The future is not in the end of extraction but in delivering sustainable resource utilization solutions that reduce the prevalence of the exploitative capitalist systems that have led to ecological collapse.
As “Empire of AI” demonstrates, even within the current system, alternative approaches exist that prioritize “human well-being” and “environmental sustainability” over pure profit maximization, suggesting transformation is possible without complete systemic collapse.
Extractivism manifests differently in every context. However, whether it is a Sierra Leonean “half shovel” child miner in the global south, a Kenyan content moderator traumatized by filtering AI training data for $2 an hour, or the average American TikTok user who opens the app eight times a day, extractivism is always labor-intensive and prone to creating sacrifice zones.

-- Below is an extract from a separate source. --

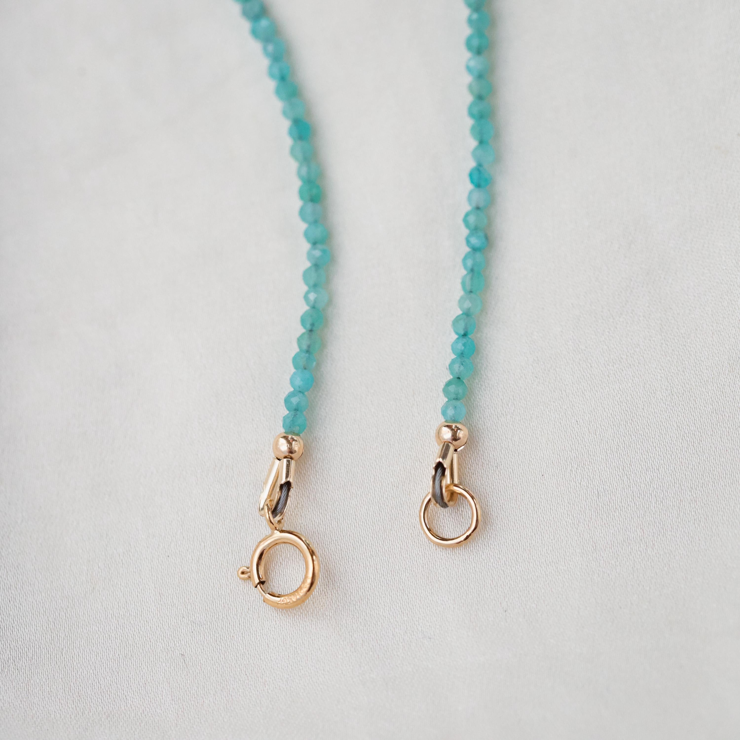 Crafted with tiny faceted 2mm amazonite beads, this minimalist necklace offers a soft wash of ocean-blue color and a calm, grounding presence. Subtle yet luminous, it’s designed to sit beautifully on its own or layer effortlessly with your everyday favorites.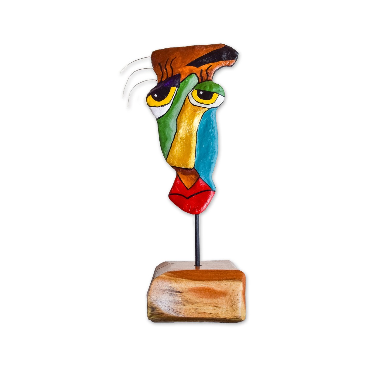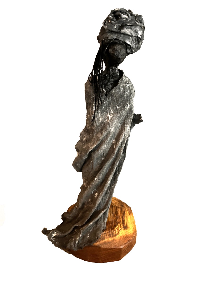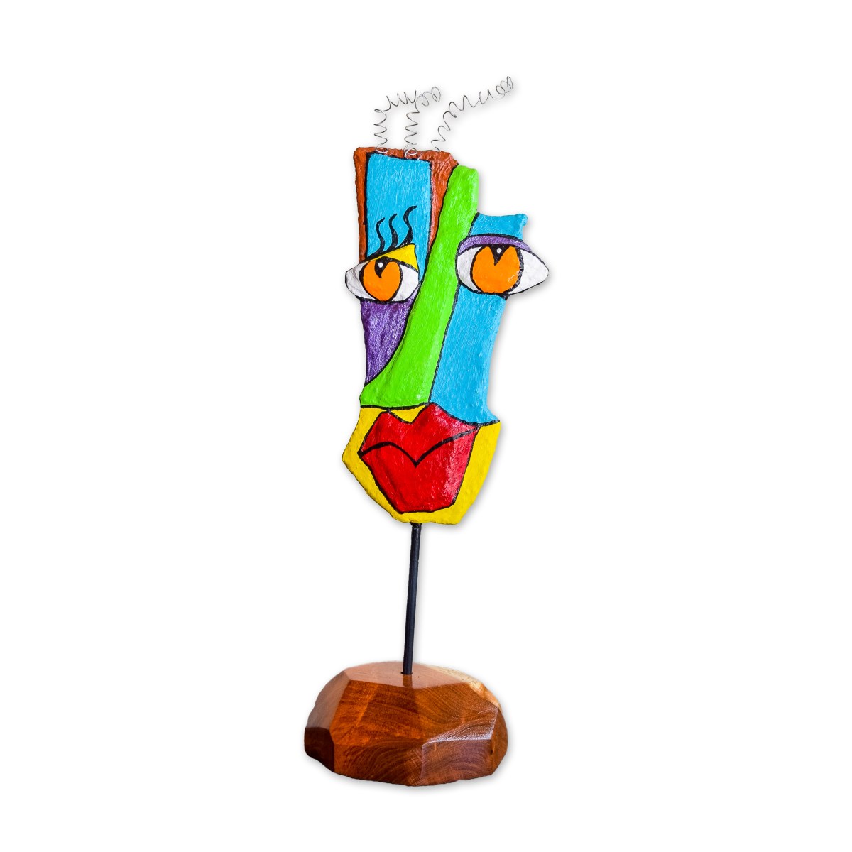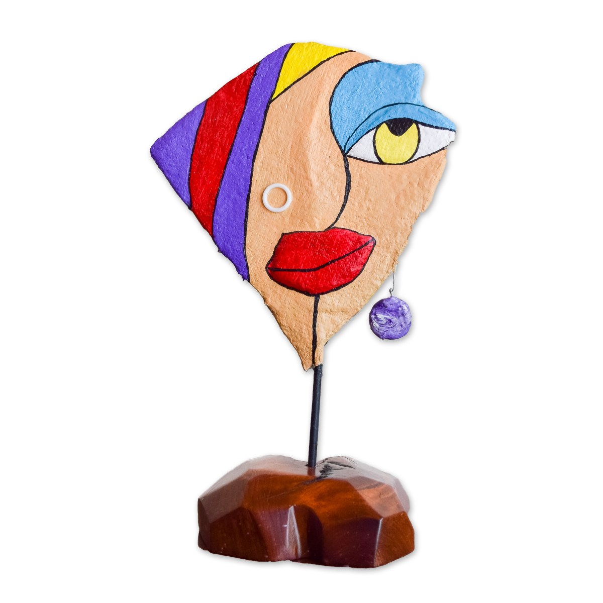 My sculptures are made of “stovetop porcelain” clay with acrylic paint and adornments of wire, plastic, fabric or glass. These fun, whimsical conversation pieces are inspired by the real-life and fictional characters I see every day. Each sculpture comes with its own unique solid wood display stand. If you would like more photos before purchasing, please ask.

Extractivist systems are driven to maximize profits from the earth by unlinking the wellbeing of ourselves and the planet. Human and planetary health are intrinsically tied, and the situation has brought forth an oncoming collapse of both. As Karen Hao’s investigation reveals, we have entered “a new and ominous age of empire: only a small handful of globally scaled companies can even enter the field of play.” Radically transforming pre-existing systems without destabilizing necessary extraction is a challenge for all as we march through the 21st Century—but the global resistance movements emerging from New Zealand to Chile prove that another future remains possible.